Similar to the findings of other studies [34,40], assessing similar constructs at different time points and examining responses for consistency (ie, personal information verification) appeared to be a particularly effective authentication strategy. Because it is possible that some participants, especially those who may have had negative previous interactions with research teams or who were concerned about the possibility of internet data breaches, did not provide entirely accurate information on the interest form due to a lack of trust, we recommend assessing these demographics once research teams have more personalized interaction (eg, email, phone, or in-person contact). In addition, in some instances, participants may make typographical errors or misremember personal information, so it is important to have staff carefully review and understand verification procedures (eg, if someone enters their DOB as September 10, 1986 instead of September 10, 1989, this may or may not be an indication of fraudulent reporting). Although personal information verification requires considerable staff time and effort, our results support its continued implementation.

When implementing the verbal identity confirmation check, our team did not expect many participants to fail it. However, our results suggest that this check was surprisingly effective at identifying fraudulent participation attempts. Anecdotally, most failures of the verbal identity confirmation occurred when participants refused to provide identifying information when prompted or simply hung up the phone without responding. One possible explanation for the unexpected utility of this active check is that it is the first time participants are prompted in real time to verify their identity. Because administering a verbal check can be completed remotely over the phone relatively quickly, we recommend the use of this check when possible.

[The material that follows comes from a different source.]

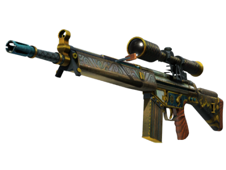 The pricy G3SG1 lowers movement speed considerably but compensates with a higher rate of fire than other sniper rifles. It has been custom painted with a nautical theme and decorative brass metal work.

In accordance with previous research, the consistent reporting review was also effective at identifying fraudulent or poor-quality submissions [34,35,44,45]. In particular, this active check acted as a catch-all as the final step of the authenticity protocol before the longitudinal portion of the study. Of note, reviewing data from multiple study time points is time consuming. Research teams may elect to adapt decision rules for when to conduct this check to increase feasibility.

Overall, the active checks appeared feasible to implement. Creating clear protocols for administering and interpreting each check reduced staff burden and increased standardization. Throughout the course of the study, we attempted to increase automation of these checks to further reduce staff burden, such as automatic IP address verification and automatic logging of attention check outcomes. Study teams conducting similar research may elect to implement some or all of these checks to tailor to their specific research goals, as well as further automate to reduce required staff effort.

Data Integrity and Third-Party Recruitment Companies

Importantly, the results of this report suggest that previously established strategies for participant authentication can be successfully adapted and integrated for use in conjunction with web-based recruitment companies. However, as with all web-based or remote recruitment efforts, our results suggest that working with a third-party recruitment company to manage and tailor an advertising campaign is not enough to ensure data integrity. A sizable proportion of research participants identified by the company our team worked with did not pass authenticity checks and were withdrawn from the research study. However, this proportion of fraudulent submissions may still be lower than what is expected from other web-based recruitment sources [36].

Authenticity Protocols and Barriers to Participation

Consistent with findings from other web-based studies, our results suggest that at least some fraudulent or inconsistent research submissions can be identified primarily using information provided as part of regular participation (eg, survey responses) [33,34,44,45]. We considered several additional authentication strategies for this study that were eventually deemed to be too high of a risk for introducing substantial bias into our sample, including requiring video sessions (ie, inaccessible for individuals without video-capable devices or reliable internet service), requiring photo ID (ie, inaccessible for individuals without this form of ID), and verifying address using physical mail (ie, time consuming and excludes individuals who are unstably housed). The ability to identify these invalid responses with information already typically required of participants is promising and may help to ensure that a broad spectrum of experiences is represented in the research. Research teams must weigh the added burden to participants and potential addition of barriers to participation when selecting authenticity strategies to limit sampling bias.

Strengths and Limitations

The primary strength of this report is the formative approach to establishing an authenticity verification system for use in the context of remote recruitment, particularly openly recruited through online advertisements that are particularly vulnerable to fraudulent attempts to enroll in research studies. An additional strength is the effort to consider and balance the goals of maximizing data integrity and validity while minimizing barriers to participation (eg, requiring photo ID or an in-person study visit). Despite the introduction of this protocol, participants recruited remotely were only required to have a valid email address and text-capable phone, and the verification procedures did not unduly increase the time or effort of participation. The use of active authentication checks has also allowed our team to continue to improve our authentication system over time, as we developed many of our checks in response to ambiguous or nuanced situations we encountered.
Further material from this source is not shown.